Cette étude est frappante car elle montre avec force la façon dont le cadrage sous-jacent, en termes de signification ou d'interprétation (ici en termes de risques) porte suffisamment de sens pour générer des résultats diamétralement opposés. Le problème est simple, et la moralité du choix le semble aussi (la vie est positive, la mort est négative), mais apparemment, le fait qu'une option paraisse meilleure qu'une autre dépend fortement de la façon dont elles sont toutes les deux présentées.

Reconnaître l'existence du cadrage de l'information ne signifie pas que les gens sont manipulés ou que les problèmes sont toujours déformés. Le monde est complexe et le cadrage fait partie des outils que nous utilisons pour comprendre l'importance et la signification des choses. Cette variété des approches dans la présentation de l'information, y compris les informations journalistiques, reflète notre diversité humaine.

En fin de compte, si les problèmes, la moralité et les solutions dépendent tant de leur cadrage, s'interroger sur le cadrage des informations revient à s'interroger, plus largement, sur le but des informations elles-mêmes. Dans une démocratie, elles donnent aux citoyens les moyens de prendre leurs propres décisions, par exemple sur la gouvernance.

Mais si les articles apportent parfois une interprétation biaisée des questions, et puisque leurs auteurs ont toujours leur propre perspective, les informations ne servent-elles finalement que l'agenda de leurs auteurs et éditeurs ?

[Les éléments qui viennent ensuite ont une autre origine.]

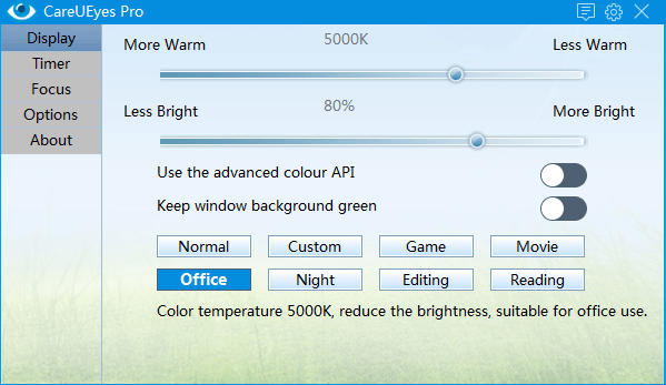 CareUEyes can automatically filter the blue light and make the screen look warmer and comfortable to the eyes, so that your eyes do not feel tired, and this application comes with several presets that adjust both color temperature and brightness such as normal, smart, office, game and night.

Voilà pourquoi comprendre le cadrage est important, même si ce n'est pas facile. Après avoir lu ceci, vous continuerez peut-être à vous demander “mais c'est quoi de nouveau, le cadrage ?”  Les spécialistes divergent sensiblement sur les hypothèses, méthodes et définitions, mais pour le moment nous allons nous contenter de ceci : le cadrage s'intéresse aux manières dont l'information est présentée pour la rendre signifiante ou compréhensible pour les lecteurs. Pour avoir idée du cadrage, essayez de vous poser ces quatre questions à propos d'un article d'information :

  • Comment l'article définit le problème (ou “détermine l'action d'un agent causal, avec quels coûts et avantages, usuellement mesurés en termes de valeurs culturelles communes”)
  • Comment l'article diagnostique la cause (quelles sont les “forces créant le problème” ?)
  • Comment l'article pose des jugements moraux (comment les agents causaux et leurs effets sont-ils évalués ?)
  • Comment l'article propose des solutions (comment l'article justifie des remèdes aux problèmes et/ou prédit les résultats probables ?) [2]

Dans le 2e article de cette série, nous explorerons les cadrages à l'aide de plusieurs méthodes et exemples supplémentaires. Nous espérons que vous aurez d'ores et déjà acquis une première compréhension des défis complexes autour des définitions, mais aussi des enjeux importants du cadrage. C'est aussi la raison pour laquelle Global Voices va continuer à attaquer ce problème sous différents angles dans le projet NewsFrames.

Lisez aussi : Repérer le cadrage des informations (Partie 2 sur 2)

[1] Kahneman, Daniel, and Amos Tversky. “Choices, Values, and Frames.” American Psychologist 39, no. 4 (April 1984): 341. doi:10.1037/0003-066X.39.4.341.
[2] Ces questions diagnostiques s'inspirent de la première description par Robert Entman du fonctionnement des cadrages, voir Entman, Robert M. “Framing: Toward Clarification of a Fractured Paradigm.” Journal of Communication 43, no. 4 (December 1, 1993): 51–58. doi:10.1111/j.1460-2466.1993.tb01304.x. Pour un aperçu des divergences entre chercheurs ou de leur utilisation de chevauchements de sens en rapport avec le cadrage, voir par exemple Scheufele, Dietram A., and David Tewksbury. “Framing, Agenda Setting, and Priming: The Evolution of Three Media Effects Models.” Journal of Communication 57, no. 1 (March 1, 2007): 9–20. doi:10.1111/j.0021-9916.2007.00326.x.